By Martha Sullivan

It’s easy to make fun of the Sixers, who haven’t won an NBA title in 32 years, and whom Ed Snider, supposedly a sports business genius, ran into the ground for 15 years before Josh Harris bought them off the scrap heap.

The 2015-16 season opens in 11 days, and here is how ESPN magazine rates the franchise:

Overall: 98th out of 122 teams ranked
Title track: 82
Ownership: 108
Coaching: 56
Players: 73
Fan relations: 98
Affordability: 63
Stadium experience: 100
Bang for the buck: 106
Change from last year: -5

How dire are Philly’s straits? The Sixers narrowly skirted historical ignominy in 2014-15, losing 17 straight to begin the season, falling just one loss short of the 2009-10 Nets’ start of shame.

Still, general manager Sam Hinkie remains stalwart in his lose-to-win approach to basketball, taking 10 steps back in order to (hopefully) take one giant leap forward someday soon.

Color the City of Brotherly Love skeptical: The fans’ faith in ownership — and its ability to produce a championship — both took hits in our rankings this year, falling 19 and 15 spots, respectively.

What’s good

The Sixers are losing, but it’s by design! No, really, fans in Philly seem relatively confident that the team’s uncanny knack for stockpiling losses is not due to incompetence from the guy on the sideline, nor the young nucleus taking the court every night.

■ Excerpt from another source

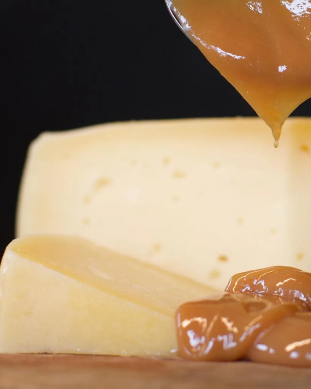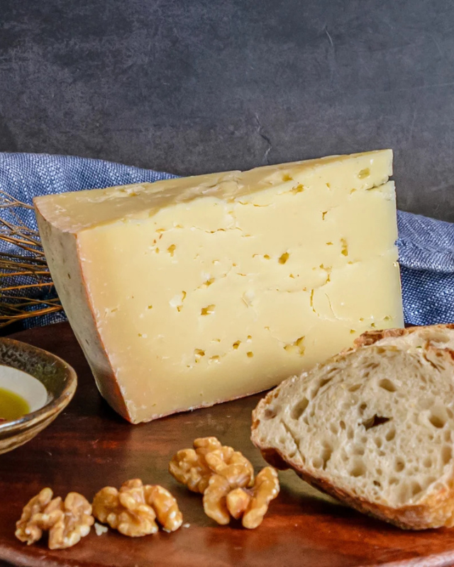 Queijo de longa maturação, textura firme e que equilibra notas doces e picantes.

Head coach Brett Brown and his staff make a habit of compiling exhaustive analytics — from tracking player percentages in shootarounds to monitoring hydration and sleep levels with a “fatigue-tracking GPS device.” Coaching, in turn, received a modest bump, rising seven spots to a respectable No. 56.

What’s bad

So, so much. On the court, the Sixers were the league’s worst shooting team, barely hitting over 40 percent, and under 70 from the line. And 2014 No. 3 pick Joel Embiid looks to be on track to miss his first two seasons in a Philly uniform, waylaid by a host of back and foot injuries. All that is to say, not shockingly, much of the life has been sucked out of the Wells Fargo Center, which has finished near the bottom of the league in attendance the past two seasons. And despite a relatively respectable showing in affordability (No. 63), the Sixers’ fan cost per season increased by 6.2 percent — more than three times the NBA average. So the team’s bang for the buck? Holding strong in the sub-100s for the second straight year.

What’s new

Optimism? In Philly? About the basketball team? Don’t look now, but Philadelphians are (cautiously) encouraged by the team’s collection of young talent. Nerlens Noel’s turn as rookie of the year hopeful in 2014-15 and the addition of Duke big man Jahlil Okafor in the 2015 draft helped boost the Sixers’ players ranking by 25 spots from last year.